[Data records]
·····
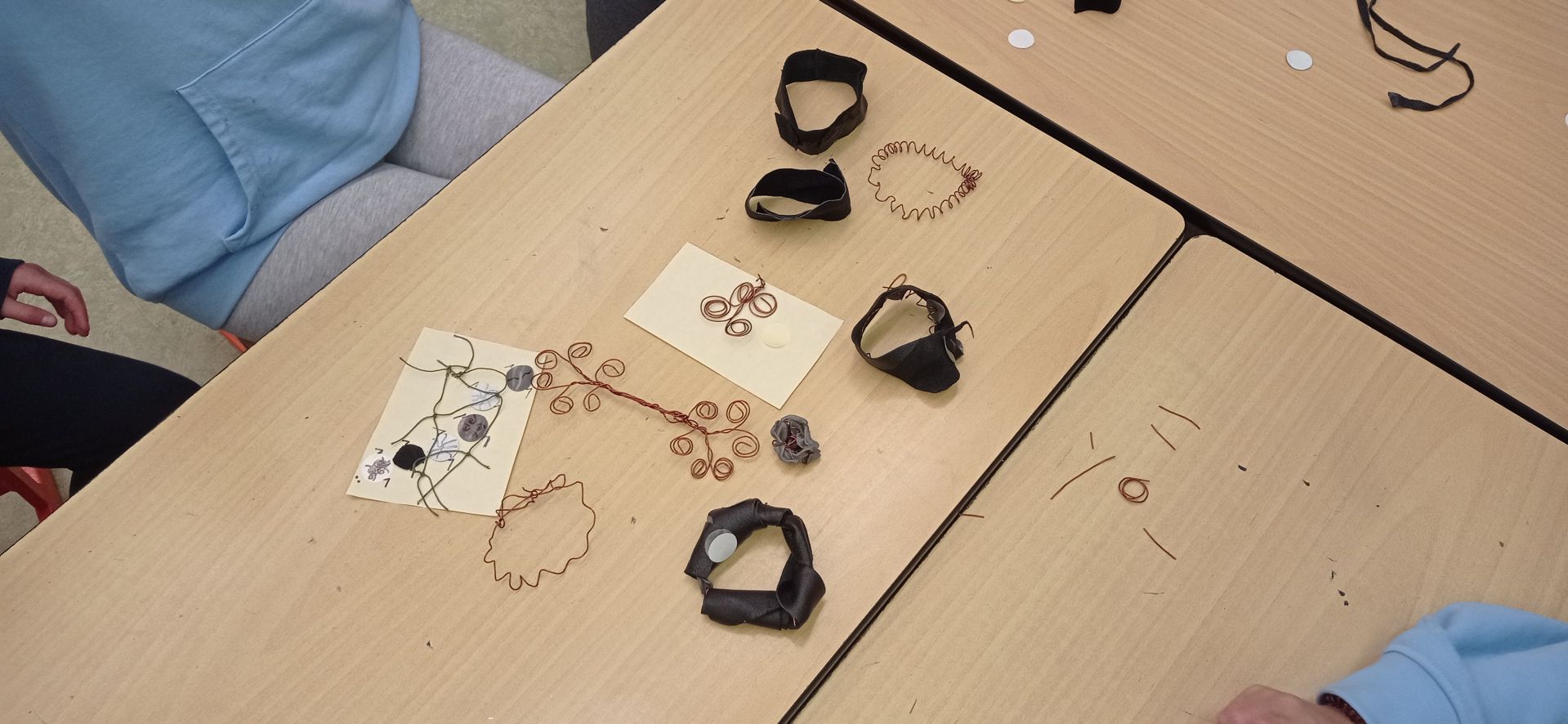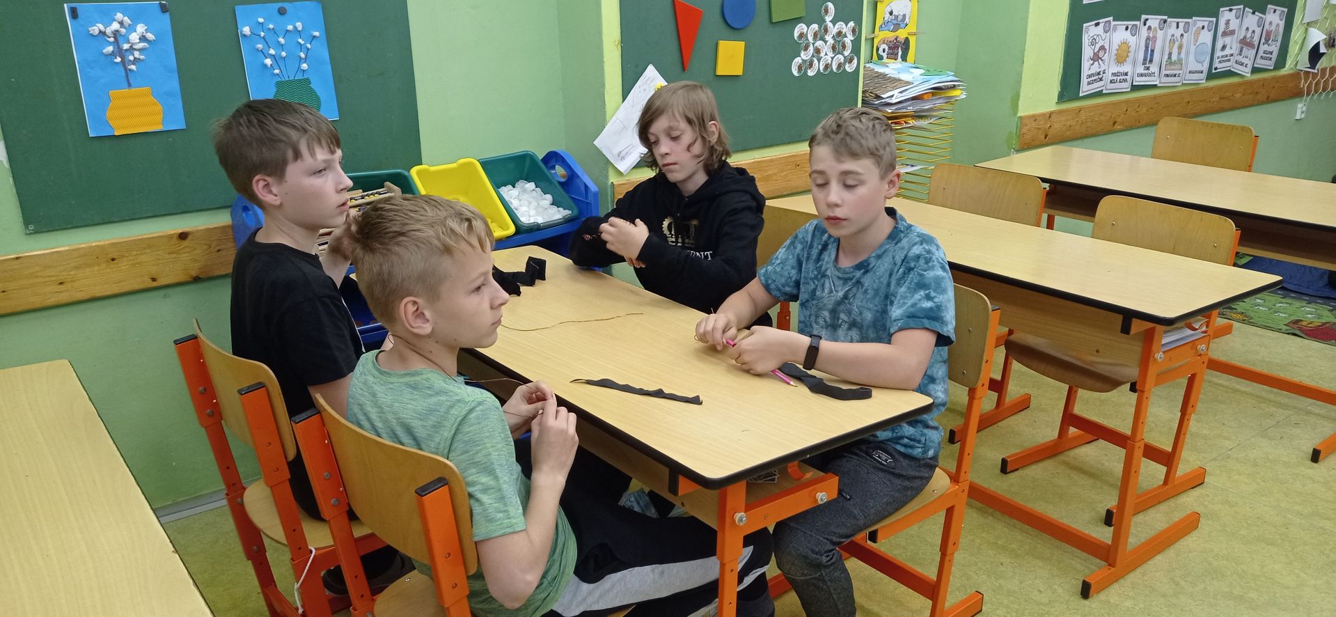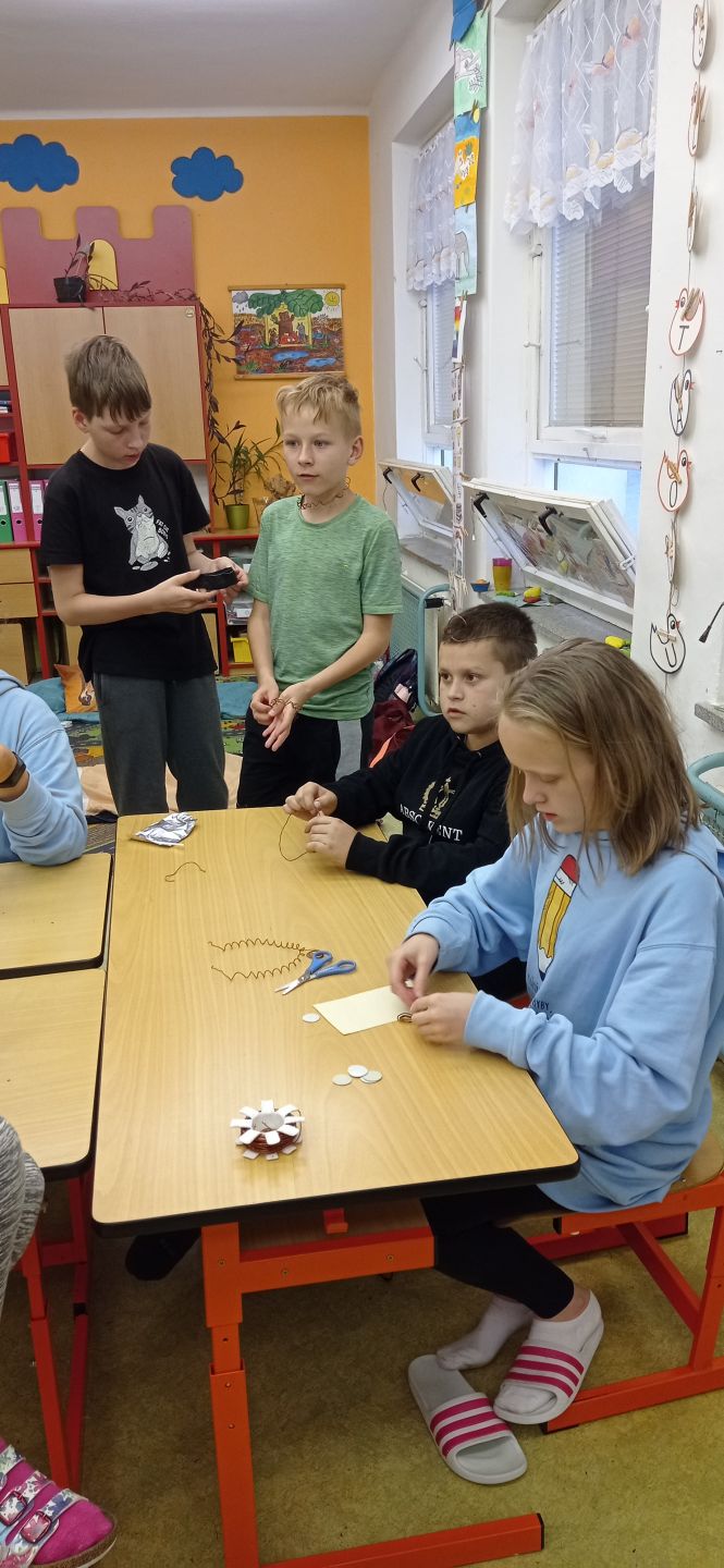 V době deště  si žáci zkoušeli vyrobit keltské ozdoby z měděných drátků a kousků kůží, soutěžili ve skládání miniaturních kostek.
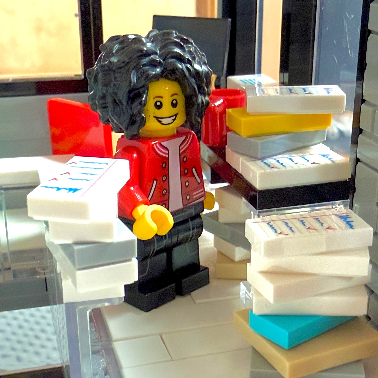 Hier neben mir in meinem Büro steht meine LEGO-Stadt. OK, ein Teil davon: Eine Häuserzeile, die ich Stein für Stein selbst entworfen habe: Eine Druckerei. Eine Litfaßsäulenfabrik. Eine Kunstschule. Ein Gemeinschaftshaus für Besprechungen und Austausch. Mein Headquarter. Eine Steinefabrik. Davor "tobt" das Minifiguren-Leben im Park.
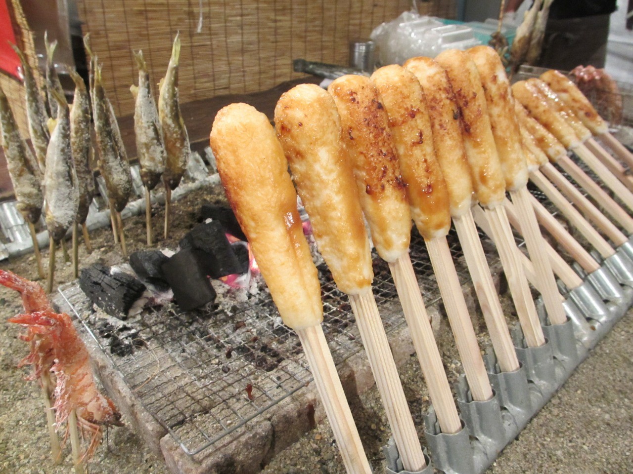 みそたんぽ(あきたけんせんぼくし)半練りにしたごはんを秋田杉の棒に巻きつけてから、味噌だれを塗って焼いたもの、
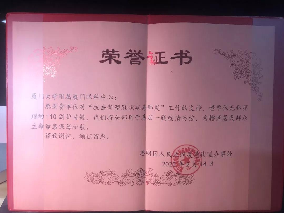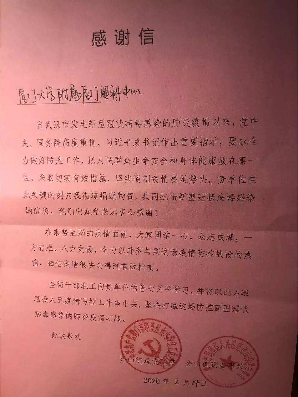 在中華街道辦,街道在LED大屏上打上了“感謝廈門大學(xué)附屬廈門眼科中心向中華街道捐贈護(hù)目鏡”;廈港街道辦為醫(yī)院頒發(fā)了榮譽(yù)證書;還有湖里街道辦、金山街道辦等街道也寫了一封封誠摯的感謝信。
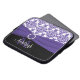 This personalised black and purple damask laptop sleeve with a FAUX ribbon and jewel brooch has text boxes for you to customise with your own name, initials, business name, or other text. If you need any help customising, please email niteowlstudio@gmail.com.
·····
» **What you have to do**
The data above should be set down again exactly, with the pictures omitted.

» **Response for this exercise**
 V době deště  si žáci zkoušeli vyrobit keltské ozdoby z měděných drátků a kousků kůží, soutěžili ve skládání miniaturních kostek.
 Hier neben mir in meinem Büro steht meine LEGO-Stadt. OK, ein Teil davon: Eine Häuserzeile, die ich Stein für Stein selbst entworfen habe: Eine Druckerei. Eine Litfaßsäulenfabrik. Eine Kunstschule. Ein Gemeinschaftshaus für Besprechungen und Austausch. Mein Headquarter. Eine Steinefabrik. Davor "tobt" das Minifiguren-Leben im Park.
 みそたんぽ(あきたけんせんぼくし)半練りにしたごはんを秋田杉の棒に巻きつけてから、味噌だれを塗って焼いたもの、
 在中華街道辦,街道在LED大屏上打上了“感謝廈門大學(xué)附屬廈門眼科中心向中華街道捐贈護(hù)目鏡”;廈港街道辦為醫(yī)院頒發(fā)了榮譽(yù)證書;還有湖里街道辦、金山街道辦等街道也寫了一封封誠摯的感謝信。
 This personalised black and purple damask laptop sleeve with a FAUX ribbon and jewel brooch has text boxes for you to customise with your own name, initials, business name, or other text. If you need any help customising, please email niteowlstudio@gmail.com.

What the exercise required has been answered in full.